*Exercise*: Return the full listing unchanged, excluding any images it contains.

*Collected data*:
_ _ _ _ _ _ _

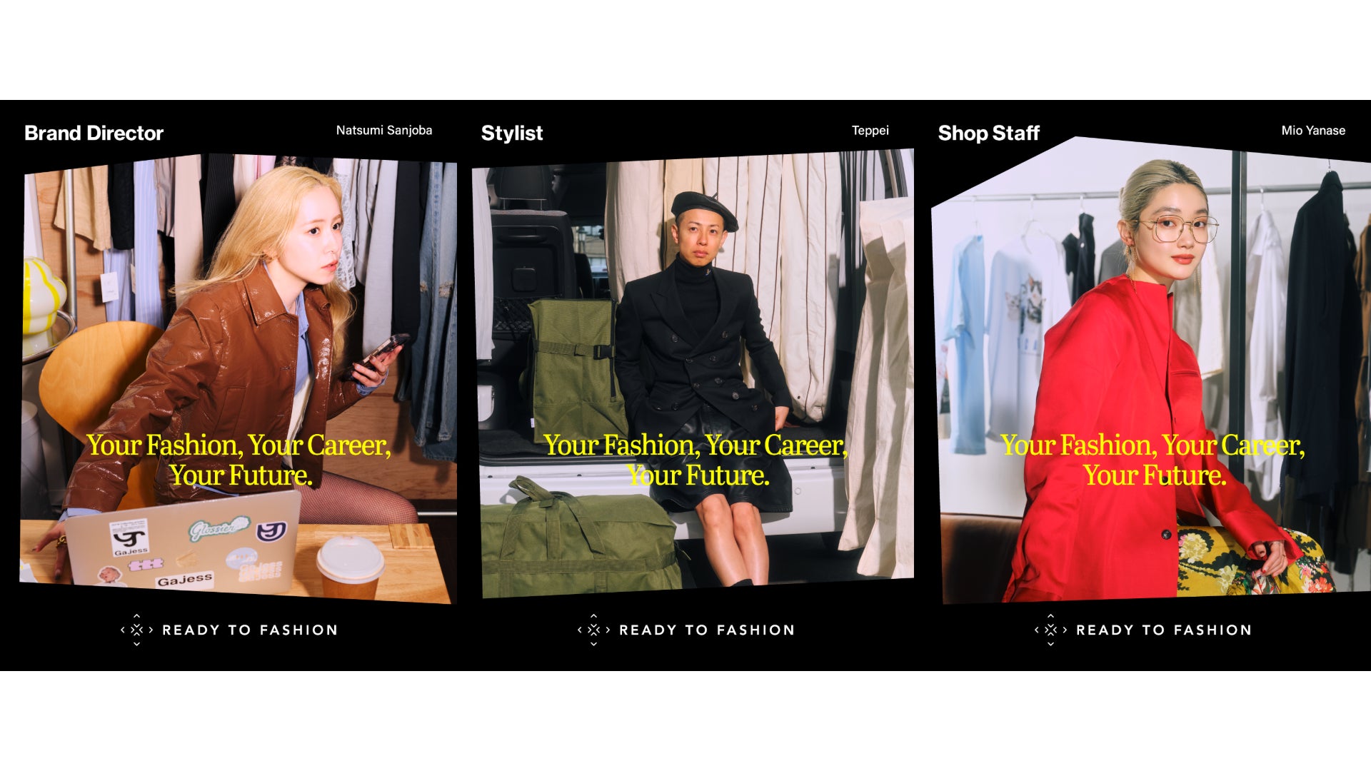 ファッション業界に特化した求人プラットフォーム「READY TO FASHION」、「TEPPEI」「三條場夏海」「柳瀬美央」をメインビジュアルに起用
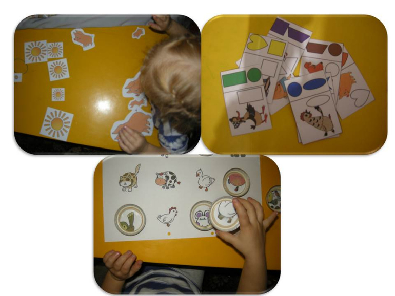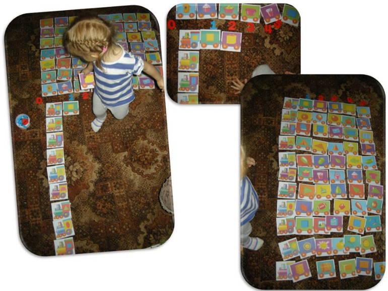 А эту игру, я распечатала давно, но поиграли лишь на этой недельке. провоз состоит с вагонов, нужно собрать по форме и по цвету предметы. Играли долго и весело с музыкой и танцами поэтому разложили все паровозики и не устали)) За одно учили и порядок цифр, первый, второй и т.д. Кстати Вика довольно хорошо с этими словами управляется, вон вторая или первая, но пока дальше не слышала)
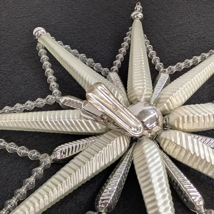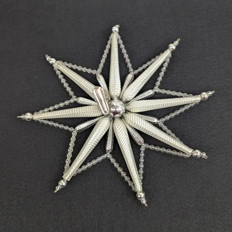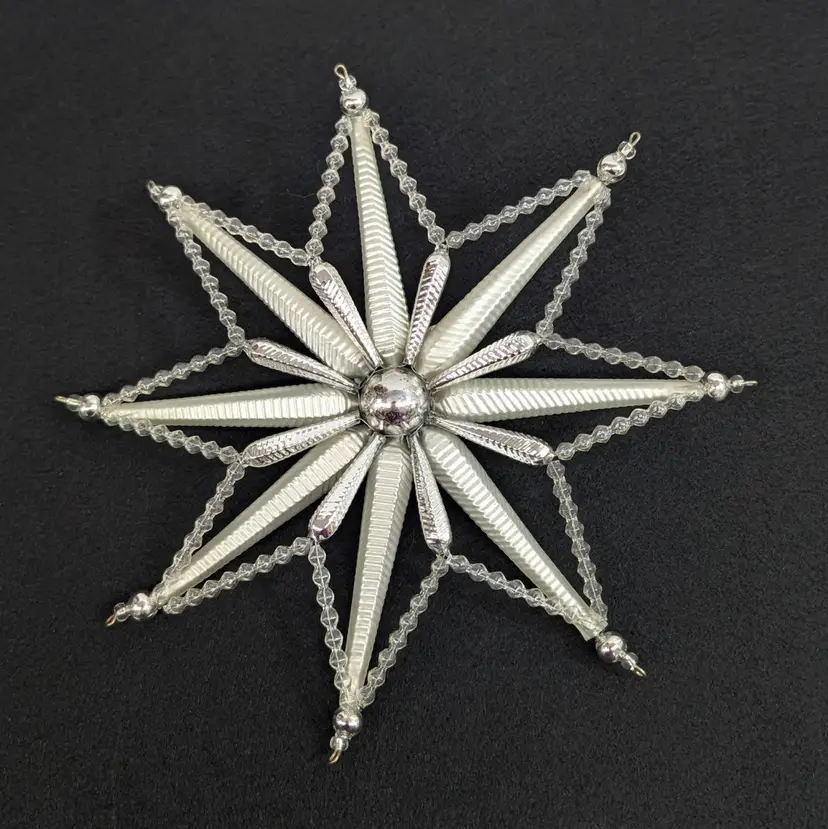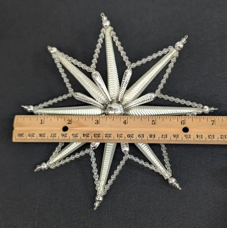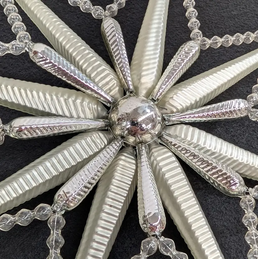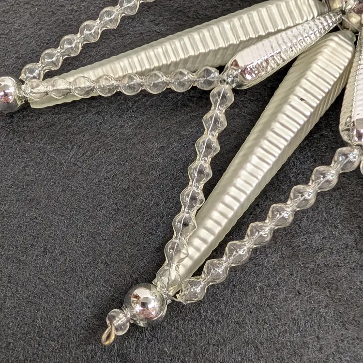 Beautiful, glass bead tree topper with multiple shaped beads that are silver, clear and opal white. It has a clip on the back for attaching to the tree. It is in nice, vintage condition with a little spotting to the middle mercury glass bead (see pictures). Comes in its original box. Measurements ~ 7"
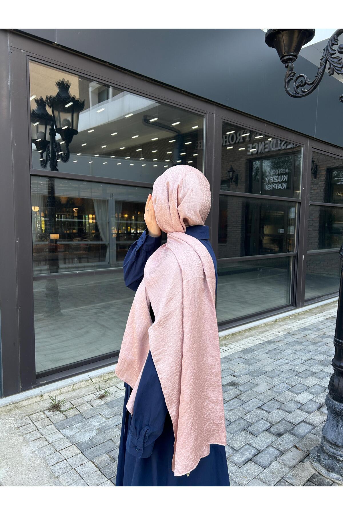 Taş Desen Pamuklu Jakar Şal-Pudra Taş Desen Pamuklu Jakar Şal-Pudra 00143 75 x 185

_ _ _ _ _ _ _

*Result*:
 ファッション業界に特化した求人プラットフォーム「READY TO FASHION」、「TEPPEI」「三條場夏海」「柳瀬美央」をメインビジュアルに起用
 А эту игру, я распечатала давно, но поиграли лишь на этой недельке. провоз состоит с вагонов, нужно собрать по форме и по цвету предметы. Играли долго и весело с музыкой и танцами поэтому разложили все паровозики и не устали)) За одно учили и порядок цифр, первый, второй и т.д. Кстати Вика довольно хорошо с этими словами управляется, вон вторая или первая, но пока дальше не слышала)
 Beautiful, glass bead tree topper with multiple shaped beads that are silver, clear and opal white. It has a clip on the back for attaching to the tree. It is in nice, vintage condition with a little spotting to the middle mercury glass bead (see pictures). Comes in its original box. Measurements ~ 7"
 Taş Desen Pamuklu Jakar Şal-Pudra Taş Desen Pamuklu Jakar Şal-Pudra 00143 75 x 185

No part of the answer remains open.